═════ PROVIDED MATERIAL
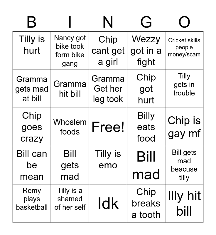 This bingo card has a free space and 24 words: Bill gets mad, Tilly is a shamed of her self, Gramma Get her leg took, Remy plays basketball, Cricket skills people money/scam, Tilly is hurt, Gramma gets mad at bill, Nancy got bike took form bike gang, Billy eats food, Tilly is emo, Chip got hurt, Chip goes crazy, Bill mad, Bill gets mad beacuse tilly, Gramma hit bill, Chip breaks a tooth, Chip is gay mf, Chip cant get a girl, Tilly gets in trouble, Whoslem foods, Illy hit bill, Bill can be mean, Wezzy got in a fight and Idk.
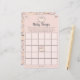 Ce jeu de Baby shower d'automne rose pastel s'appelle "Baby Bingo". Le design : Sur le devant, une carte de jeu BINGO avec des instructions. Petit petit citrouille en haut et au centre "carré gratuit" de la carte Bingo. Sur le dos, un motif dessiné à la main à l'encre noire, avec de petits citrouilles, des étoiles et du maïs-bonbons, le tout contre un élégant arrière - plan rose vif. Comment jouer : Chaque invité reçoit une carte de Bingo. Avant que Maman-to-Be ouvre ses cadeaux, chaque invité remplit les carrés de cadeaux qu'il croit que Maman-to-Be recevra. Au moment où elle déballe chaque cadeau, les invités croisent cet objet cadeau sur leur carte. Le premier invité à obtenir 5 de suite gagne.
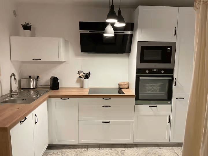 BBQ charcoal grill, Coffee machine, Cooking utensils, Dishwasher, Kitchen stove, Microwave, Oven, Refrigerator, Toaster, Vacuum cleaner
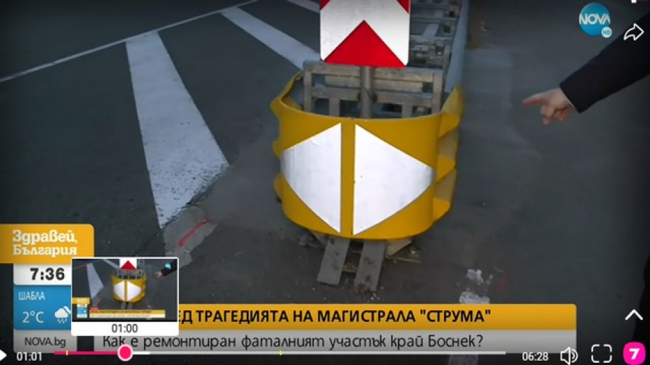 На мястото на мантинелата, която се вряза в автобуса, е поставен „терминал”. „Проблемът е, че двете стрелки не са регламентирани и не могат да се слагат. В същото време отгоре има знак, който е с по-голяма степен на светлоотразителност и хората се объркват”, посочи Диана Русинова от Европейския център за транспортни политики.
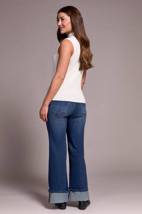 Textured Sleeveless Mock Neck Top. 70% Rayon, 30% Polyester.
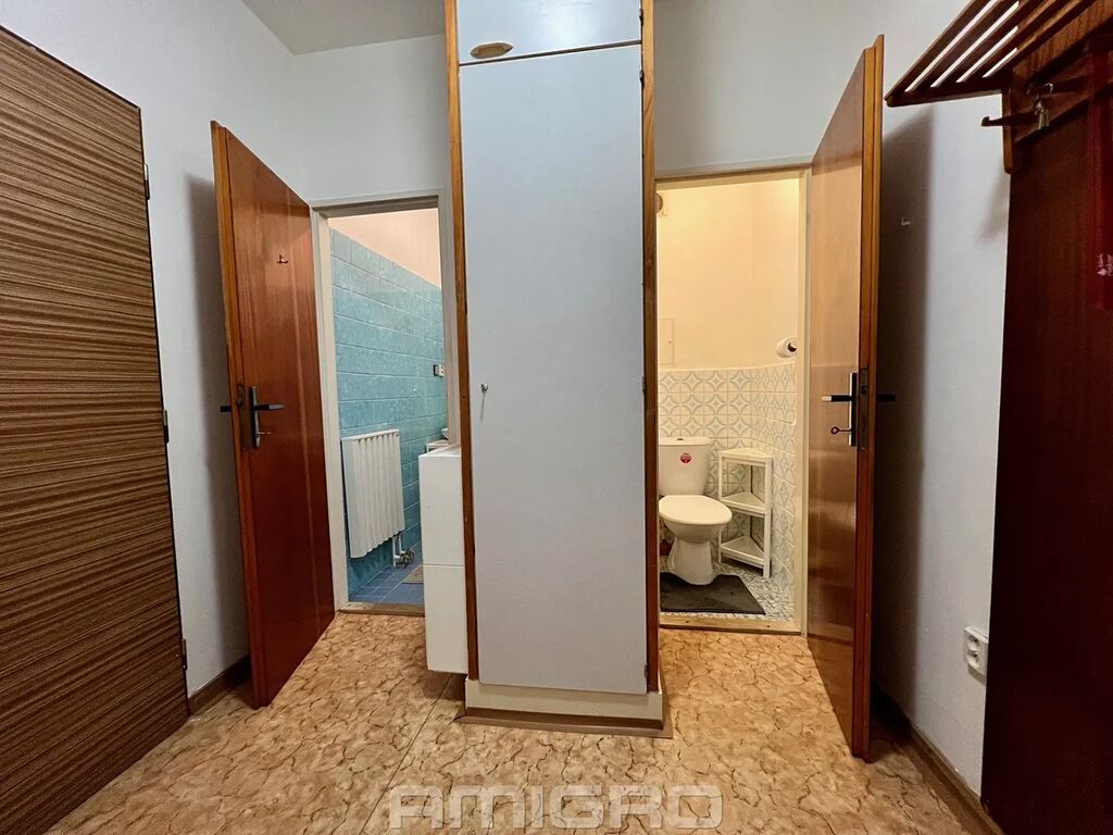 Byt se k pronájmu nabízí zařízen kuchyňskou linkou, sporákem, lednicí, pračkou, vest. skříně v předsíni i šatně.
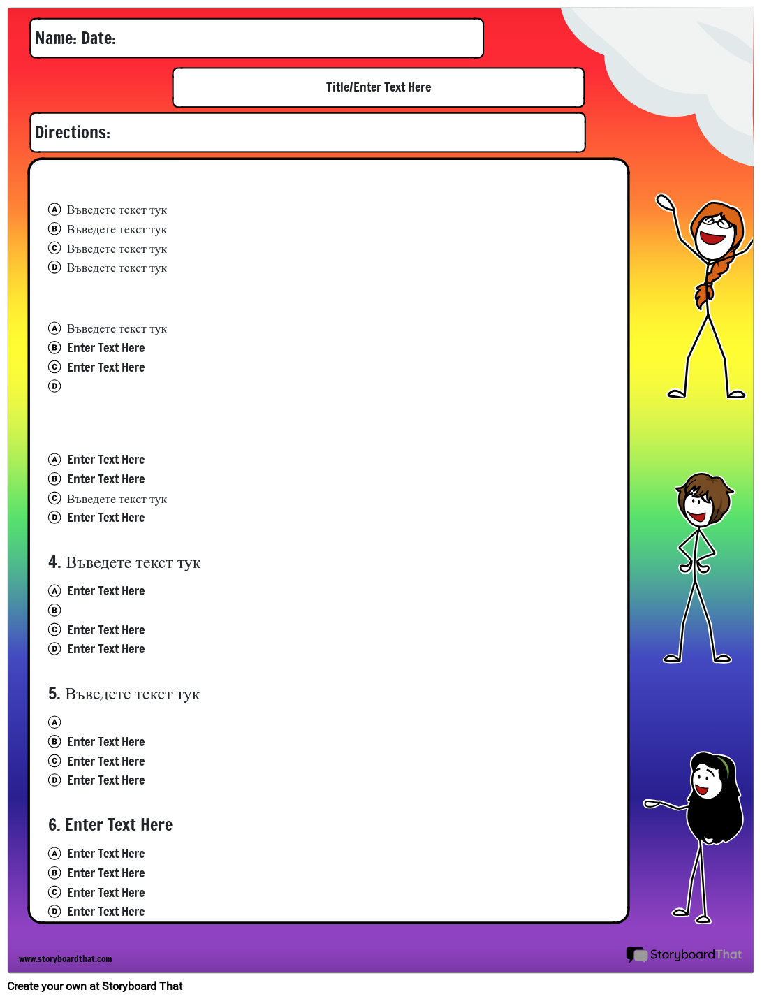 Въпроси с 6 избора на избор на тема дъга
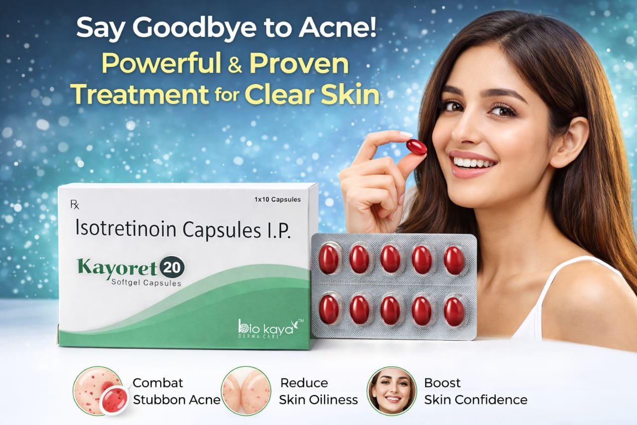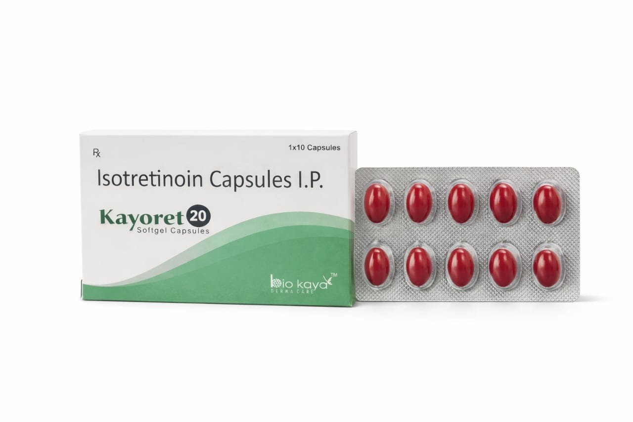 The Kayoret 20 softgel capsule is a medicine containing the active ingredient isotretinoin (20 mg), which is a derivative of vitamin A. It is primarily used to treat severe, disfiguring nodular acne that has not responded to other treatments, including antibiotics.
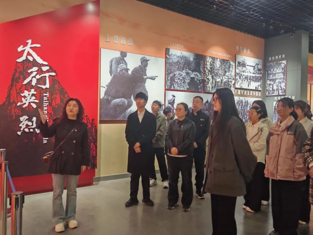 随后,全体成员参观了纪念堂,学生第二党支部书记侯小亮老师以太行太岳英烈的革命事迹,号召同学们传承英烈精神,学好专业知识,练就过硬本领。大家在参观瞻仰革命史实的过程中,系团委书记杨莉老师和学生第一党支部书记刘静老师分别讲述了国民党将领武士敏将军的事迹和黄崖洞保卫战,同学们在党团课教育中,感受到了红色精神的力量,汲取了浓厚的精神食粮。
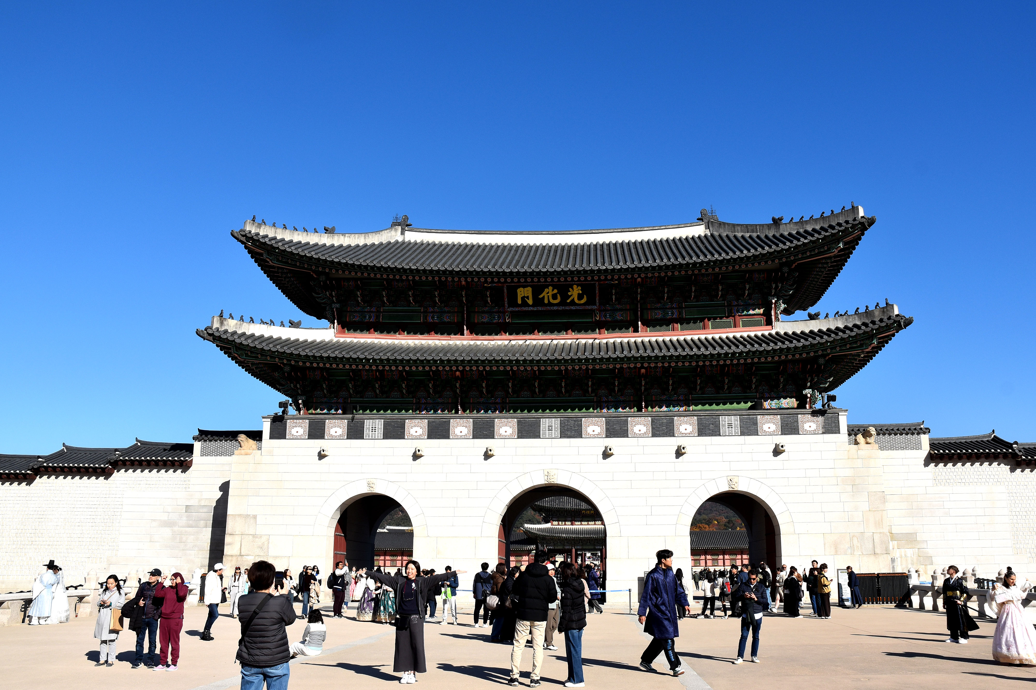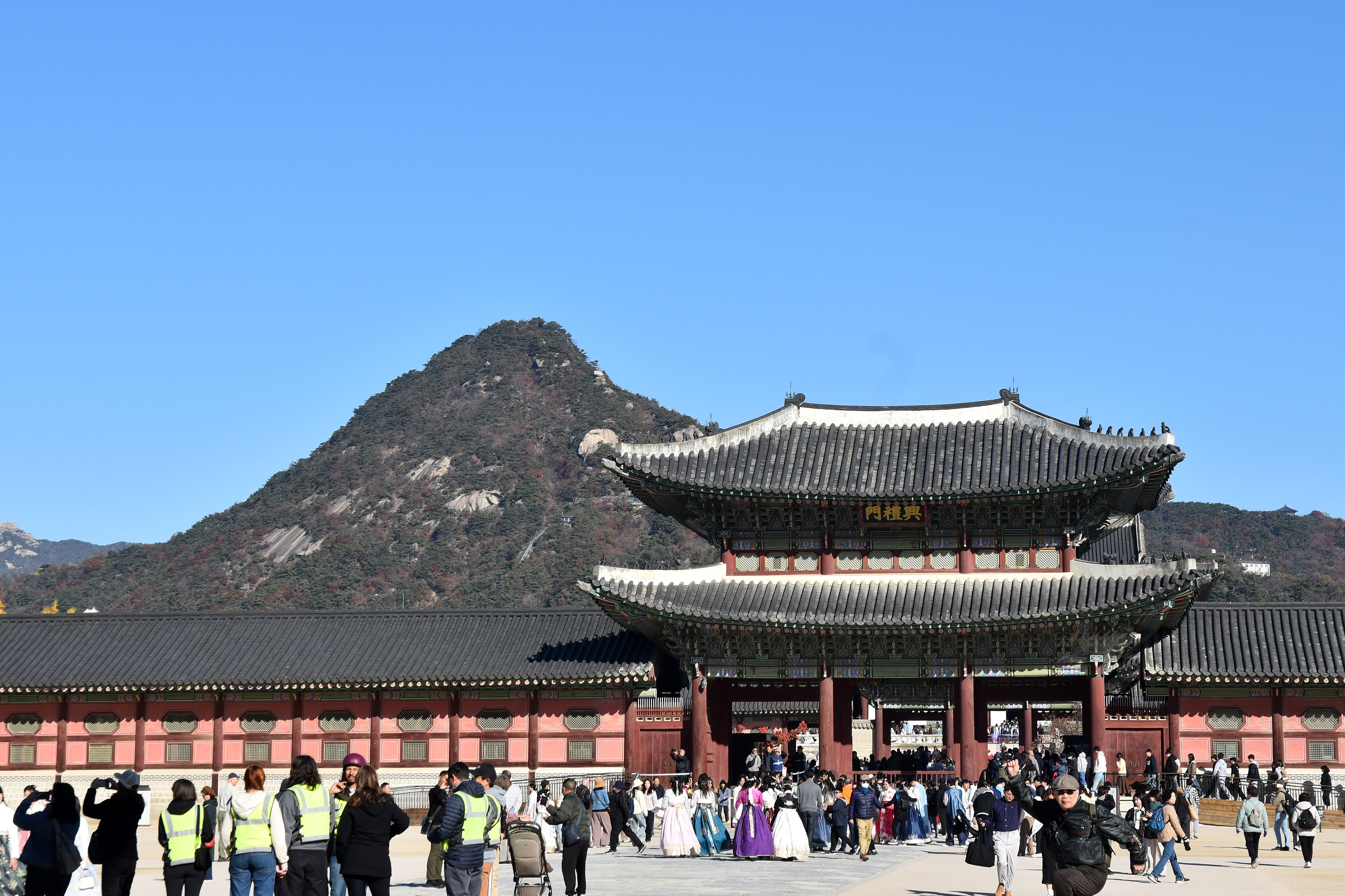 광화문 부근엔 언제나 그렇듯이 방문객들로 붐빈다
══════════
# INSTRUCTIONS TO FOLLOW:
The reply should reproduce every entry above word for word and contain no pictures.

# SOLUTION FOR THIS PROBLEM:
 This bingo card has a free space and 24 words: Bill gets mad, Tilly is a shamed of her self, Gramma Get her leg took, Remy plays basketball, Cricket skills people money/scam, Tilly is hurt, Gramma gets mad at bill, Nancy got bike took form bike gang, Billy eats food, Tilly is emo, Chip got hurt, Chip goes crazy, Bill mad, Bill gets mad beacuse tilly, Gramma hit bill, Chip breaks a tooth, Chip is gay mf, Chip cant get a girl, Tilly gets in trouble, Whoslem foods, Illy hit bill, Bill can be mean, Wezzy got in a fight and Idk.
 Ce jeu de Baby shower d'automne rose pastel s'appelle "Baby Bingo". Le design : Sur le devant, une carte de jeu BINGO avec des instructions. Petit petit citrouille en haut et au centre "carré gratuit" de la carte Bingo. Sur le dos, un motif dessiné à la main à l'encre noire, avec de petits citrouilles, des étoiles et du maïs-bonbons, le tout contre un élégant arrière - plan rose vif. Comment jouer : Chaque invité reçoit une carte de Bingo. Avant que Maman-to-Be ouvre ses cadeaux, chaque invité remplit les carrés de cadeaux qu'il croit que Maman-to-Be recevra. Au moment où elle déballe chaque cadeau, les invités croisent cet objet cadeau sur leur carte. Le premier invité à obtenir 5 de suite gagne.
 BBQ charcoal grill, Coffee machine, Cooking utensils, Dishwasher, Kitchen stove, Microwave, Oven, Refrigerator, Toaster, Vacuum cleaner
 На мястото на мантинелата, която се вряза в автобуса, е поставен „терминал”. „Проблемът е, че двете стрелки не са регламентирани и не могат да се слагат. В същото време отгоре има знак, който е с по-голяма степен на светлоотразителност и хората се объркват”, посочи Диана Русинова от Европейския център за транспортни политики.
 Textured Sleeveless Mock Neck Top. 70% Rayon, 30% Polyester.
 Byt se k pronájmu nabízí zařízen kuchyňskou linkou, sporákem, lednicí, pračkou, vest. skříně v předsíni i šatně.
 Въпроси с 6 избора на избор на тема дъга
 The Kayoret 20 softgel capsule is a medicine containing the active ingredient isotretinoin (20 mg), which is a derivative of vitamin A. It is primarily used to treat severe, disfiguring nodular acne that has not responded to other treatments, including antibiotics.
 随后,全体成员参观了纪念堂,学生第二党支部书记侯小亮老师以太行太岳英烈的革命事迹,号召同学们传承英烈精神,学好专业知识,练就过硬本领。大家在参观瞻仰革命史实的过程中,系团委书记杨莉老师和学生第一党支部书记刘静老师分别讲述了国民党将领武士敏将军的事迹和黄崖洞保卫战,同学们在党团课教育中,感受到了红色精神的力量,汲取了浓厚的精神食粮。
 광화문 부근엔 언제나 그렇듯이 방문객들로 붐빈다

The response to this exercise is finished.